- _Task statement_: Write out every record below exactly, leaving the pictures out.

- _Data for this task_:
Segment Open

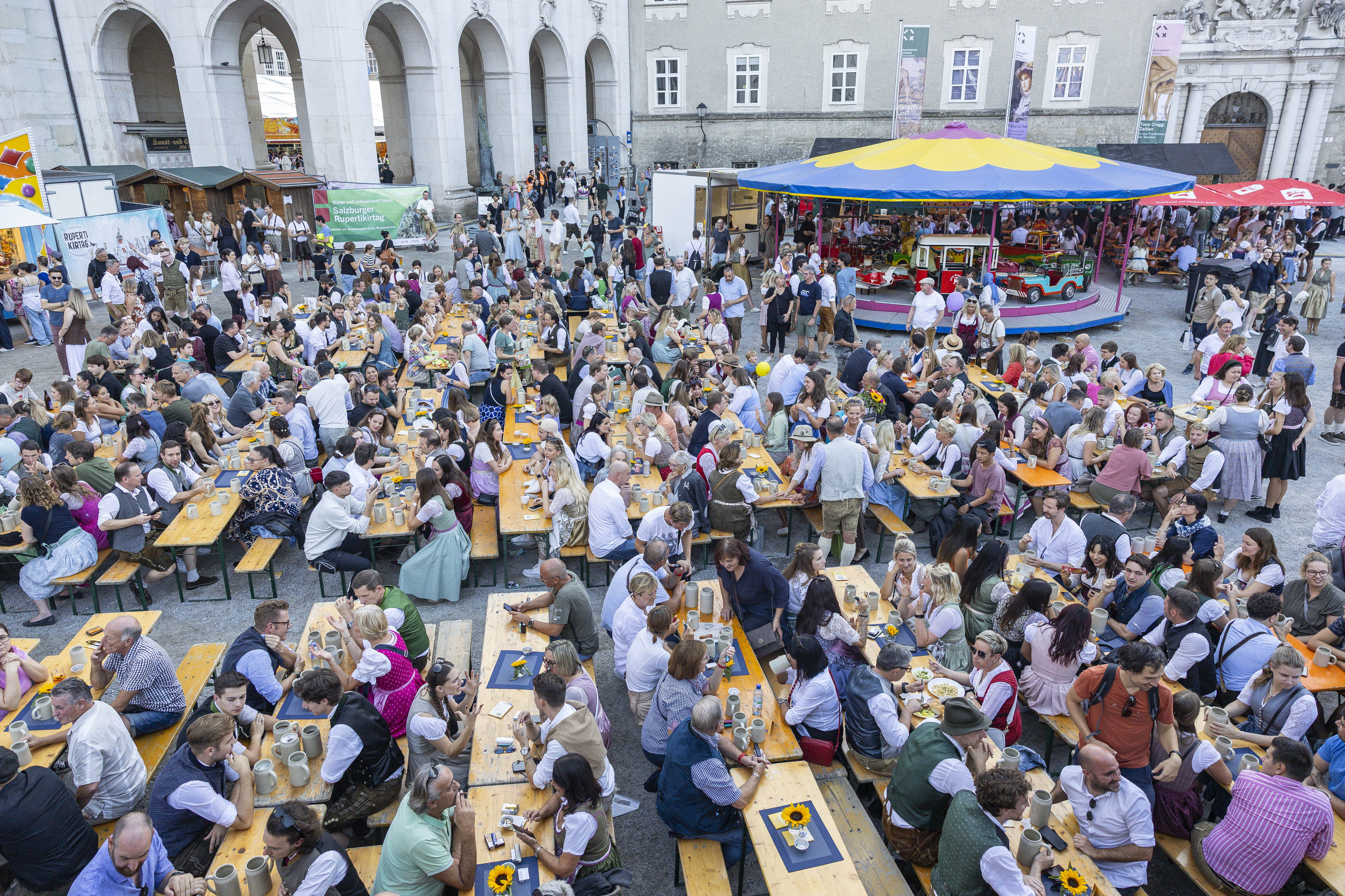 Mit dem Einholen der Marktfahne geht der 48. Salzburger Rupertikirtag heute Mittwoch, 24. September 2025, am Namenstag des Salzburger Landespatrons Rupert, um 22 Uhr zu Ende. Der Altstadtverband Salzburg als Veranstalter freut sich über den großen Erfolg des traditionellen Domkirchweihfestes inmitten der Altstadt und zieht bereits heute Nachmittag eine positive Schlussbilanz. An den sechs Veranstaltungstagen genossen rund 200.000 Einheimische und Stadtbesucher:innen aus dem In- und Ausland das „Fest der Salzburger:innen“ bei perfektem Kirtagswetter, vor allem am spätsommerlichen Wochenende. Bereits am Freitag, am Abend des Eröffnungstages, sowie am Samstag und Sonntag war der Besucher:innen-Andrang am Festgelände rund um den Salzburger Dom besonders groß. Jung und Alt nutzten das schöne Wetter und genossen in vollen Zügen die einzigartige Rupertikirtagsstimmung in der Altstadt Salzburg. „Die große Vielfalt an Volkskultur, Handwerkskunst, Tracht, Musik, Schaustellerei und Kulinarik sorgte auch heuer wieder bei allen Altersgruppen gleichermaßen für viel Begeisterung und Kirtagsfreude. Der Salzburger Rupertikirtag erfreut sich großer Beliebtheit und ist jedes Jahr ein fixer Treffpunkt für Familien und Freunde aus Stadt und Land Salzburg“, erklärt Organisator und Veranstalter Roland Aigner, Geschäftsführer des Altstadtverbandes Salzburg. „Als Veranstalter geht es uns nicht um Besucherrekorde. Die Menschen sollen sich bei diesem generationsübergreifenden Traditionsfest wohlfühlen sowie die friedvolle und fröhliche Stimmung vor Ort uneingeschränkt genießen“, zeigt sich Roland Aigner erfreut über die erfolgreiche Abwicklung der Großveranstaltung und bedankt sich für die gute Zusammenarbeit bei allen Mitwirkenden. Dazu gehören neben dem Organisationsteam des Altstadtverbandes Salzburg ebenso die Betreiber:innen der rund 125 Kirtags-Attraktionen, die teilnehmenden Marktfieranten:innen, Schausteller-, Handwerks- und Gastronomie- sowie Dienstleistungsbetriebe, die Festzeltbetreiber, die Blaulichtorganisationen, das Security-Team, die Salzburger Vereine sowie die Erzdiözese und die Stadt Salzburg. Auch die Bilanz der rund 100 Marktstandbetreiber:innen vor allem der Gastronom:innen fällt zufriedenstellend aus, denn der Salzburger Rupertikirtag 2025 brachte ihnen durchwegs gute Geschäfte. Insgesamt wurden rund 500 Hektoliter Bier (50.000 Maß) beim Salzburger Rupertikirtag 2025 ausgeschenkt.
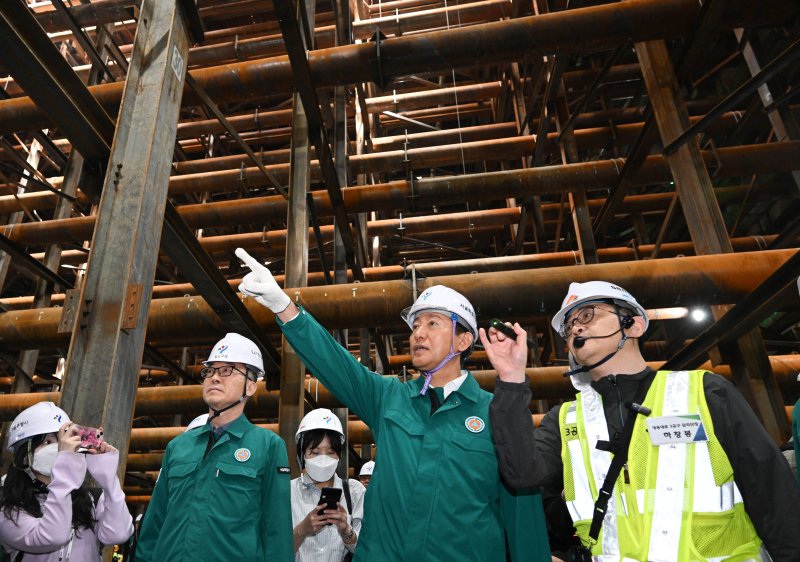 오세훈 서울시장이 지난 4월 23일 서울 강남구 영동대로 지하공간 복합개발 건설공사 현장을 찾아 안전시설 및 경보체계를 점검하고 있다. 공동취재단 제공
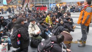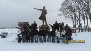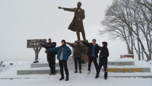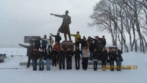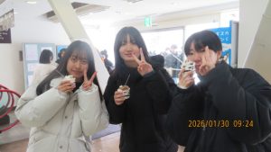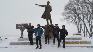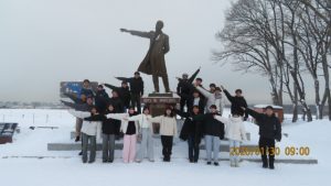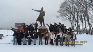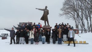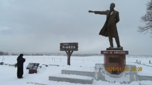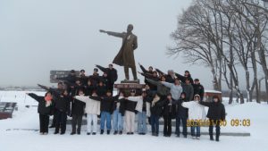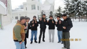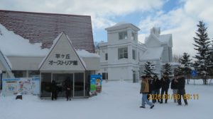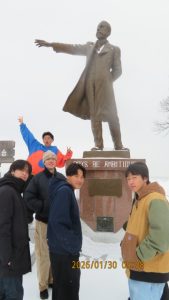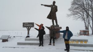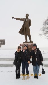 羊ヶ丘公園は一面真っ白な平原でした。クラーク博士像の前でクラス写真を撮影しました。
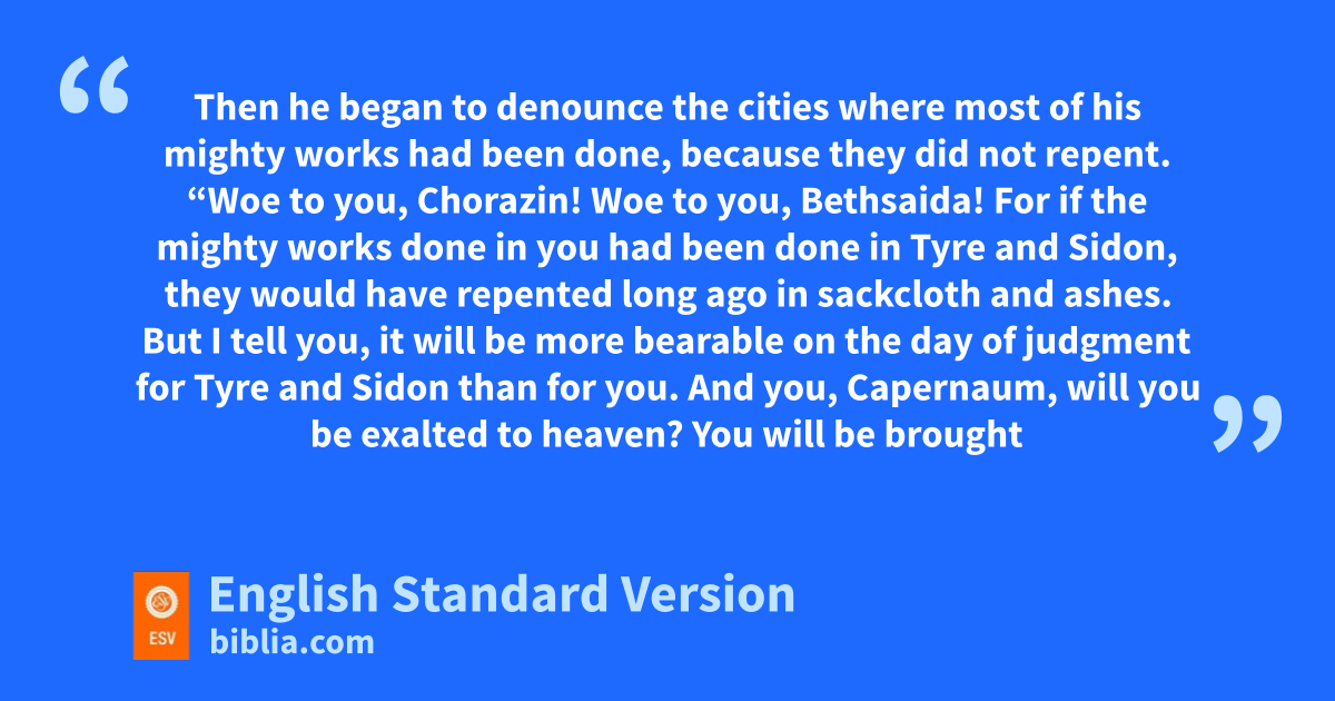 20 zThen he began to denounce the cities where most of his mighty works had been done, because they did not repent. 21 a“Woe to you, Chorazin! Woe to you, Bethsaida! For if the mighty works done in you had been done in bTyre and Sidon, they would have repented long ago in sackcloth and ashes. 22 cBut I tell you, it will be more bearable on dthe day of judgment for bTyre and Sidon than for you. 23 And you, eCapernaum, will you be exalted to heaven? You will be brought down to fHades. For if the mighty works done in you had been done in Sodom, it would have remained until this day. 24 cBut I tell you that git will be more tolerable on dthe day of judgment for the land of Sodom than for you.”
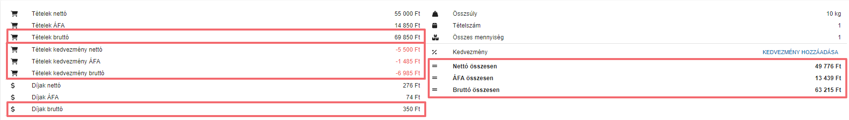Az új verzióban a bal oldalon található részletező már nem csak a termékek és díjak nettó és bruttó összegét mutatja, hanem a tételek bruttó összegét, az abból levonásra került kedvezmények nettó, ÁFA és bruttó értékét, továbbá a díjak bruttó összegét is.
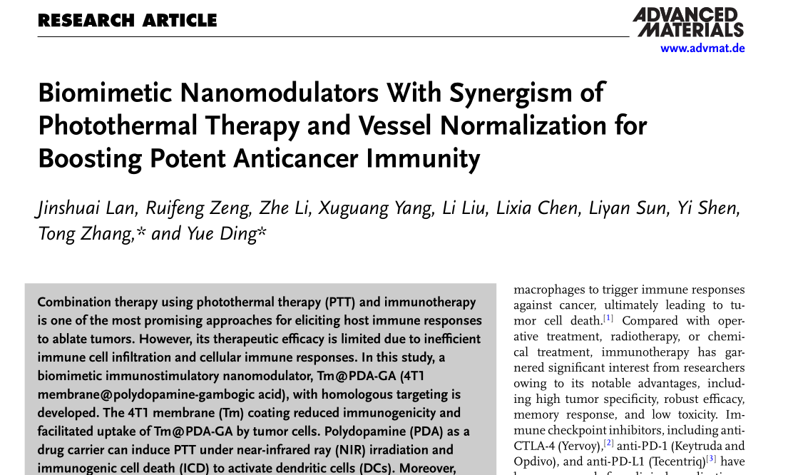 Vessel Normalization for Boosting Potent Anticancer Immunity的研究论文(DOI: //doi.org/10.1002/adma.202408511)。该研究构建了一种仿生纳米递药系统用于中药活性成分藤黄酸的肿瘤靶向递送,通过血管正常化-光热作用增强临床免疫治疗。研究成果为肿瘤协同治疗提供了新的思路和方向,也为中药抗肿瘤活性成分增强免疫抗肿瘤研究提供了有力工具。
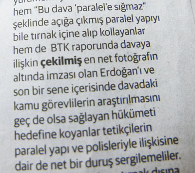 AK Parti iktidarı, son dönemde, Gülen Cemaati’yle savaşının bir parçası olduğu izlenimini fazlasıyla verecek şekilde, Dink cinayetiyle ilgili soruşturmada, ‘Paralel yapı’ olarak adlandırılan cemaate yakın polisler arasında ilişkilere vurgu yapmaya başladı. Hükümet yanlısı medya, yürümekte olan soruşturmanın ‘paralel yapı’nın cinayetteki sorumluluğunu ortaya çıkaracağı algısını yerleştirmeye çalışıyor. Cinayetin, bizzat Gülen Cemaati tarafından, Ergenekon davasının başlaması için TSK’yı itibarsızlaştırmak amacıyla işlendiği görüşü dört bir koldan empoze ediliyor.

Segment Closed

- _Final answer_:
 Mit dem Einholen der Marktfahne geht der 48. Salzburger Rupertikirtag heute Mittwoch, 24. September 2025, am Namenstag des Salzburger Landespatrons Rupert, um 22 Uhr zu Ende. Der Altstadtverband Salzburg als Veranstalter freut sich über den großen Erfolg des traditionellen Domkirchweihfestes inmitten der Altstadt und zieht bereits heute Nachmittag eine positive Schlussbilanz. An den sechs Veranstaltungstagen genossen rund 200.000 Einheimische und Stadtbesucher:innen aus dem In- und Ausland das „Fest der Salzburger:innen“ bei perfektem Kirtagswetter, vor allem am spätsommerlichen Wochenende. Bereits am Freitag, am Abend des Eröffnungstages, sowie am Samstag und Sonntag war der Besucher:innen-Andrang am Festgelände rund um den Salzburger Dom besonders groß. Jung und Alt nutzten das schöne Wetter und genossen in vollen Zügen die einzigartige Rupertikirtagsstimmung in der Altstadt Salzburg. „Die große Vielfalt an Volkskultur, Handwerkskunst, Tracht, Musik, Schaustellerei und Kulinarik sorgte auch heuer wieder bei allen Altersgruppen gleichermaßen für viel Begeisterung und Kirtagsfreude. Der Salzburger Rupertikirtag erfreut sich großer Beliebtheit und ist jedes Jahr ein fixer Treffpunkt für Familien und Freunde aus Stadt und Land Salzburg“, erklärt Organisator und Veranstalter Roland Aigner, Geschäftsführer des Altstadtverbandes Salzburg. „Als Veranstalter geht es uns nicht um Besucherrekorde. Die Menschen sollen sich bei diesem generationsübergreifenden Traditionsfest wohlfühlen sowie die friedvolle und fröhliche Stimmung vor Ort uneingeschränkt genießen“, zeigt sich Roland Aigner erfreut über die erfolgreiche Abwicklung der Großveranstaltung und bedankt sich für die gute Zusammenarbeit bei allen Mitwirkenden. Dazu gehören neben dem Organisationsteam des Altstadtverbandes Salzburg ebenso die Betreiber:innen der rund 125 Kirtags-Attraktionen, die teilnehmenden Marktfieranten:innen, Schausteller-, Handwerks- und Gastronomie- sowie Dienstleistungsbetriebe, die Festzeltbetreiber, die Blaulichtorganisationen, das Security-Team, die Salzburger Vereine sowie die Erzdiözese und die Stadt Salzburg. Auch die Bilanz der rund 100 Marktstandbetreiber:innen vor allem der Gastronom:innen fällt zufriedenstellend aus, denn der Salzburger Rupertikirtag 2025 brachte ihnen durchwegs gute Geschäfte. Insgesamt wurden rund 500 Hektoliter Bier (50.000 Maß) beim Salzburger Rupertikirtag 2025 ausgeschenkt.
 오세훈 서울시장이 지난 4월 23일 서울 강남구 영동대로 지하공간 복합개발 건설공사 현장을 찾아 안전시설 및 경보체계를 점검하고 있다. 공동취재단 제공
 羊ヶ丘公園は一面真っ白な平原でした。クラーク博士像の前でクラス写真を撮影しました。
 20 zThen he began to denounce the cities where most of his mighty works had been done, because they did not repent. 21 a“Woe to you, Chorazin! Woe to you, Bethsaida! For if the mighty works done in you had been done in bTyre and Sidon, they would have repented long ago in sackcloth and ashes. 22 cBut I tell you, it will be more bearable on dthe day of judgment for bTyre and Sidon than for you. 23 And you, eCapernaum, will you be exalted to heaven? You will be brought down to fHades. For if the mighty works done in you had been done in Sodom, it would have remained until this day. 24 cBut I tell you that git will be more tolerable on dthe day of judgment for the land of Sodom than for you.”
Az új verzióban a bal oldalon található részletező már nem csak a termékek és díjak nettó és bruttó összegét mutatja, hanem a tételek bruttó összegét, az abból levonásra került kedvezmények nettó, ÁFA és bruttó értékét, továbbá a díjak bruttó összegét is.
 Vessel Normalization for Boosting Potent Anticancer Immunity的研究论文(DOI: //doi.org/10.1002/adma.202408511)。该研究构建了一种仿生纳米递药系统用于中药活性成分藤黄酸的肿瘤靶向递送,通过血管正常化-光热作用增强临床免疫治疗。研究成果为肿瘤协同治疗提供了新的思路和方向,也为中药抗肿瘤活性成分增强免疫抗肿瘤研究提供了有力工具。
 AK Parti iktidarı, son dönemde, Gülen Cemaati’yle savaşının bir parçası olduğu izlenimini fazlasıyla verecek şekilde, Dink cinayetiyle ilgili soruşturmada, ‘Paralel yapı’ olarak adlandırılan cemaate yakın polisler arasında ilişkilere vurgu yapmaya başladı. Hükümet yanlısı medya, yürümekte olan soruşturmanın ‘paralel yapı’nın cinayetteki sorumluluğunu ortaya çıkaracağı algısını yerleştirmeye çalışıyor. Cinayetin, bizzat Gülen Cemaati tarafından, Ergenekon davasının başlaması için TSK’yı itibarsızlaştırmak amacıyla işlendiği görüşü dört bir koldan empoze ediliyor.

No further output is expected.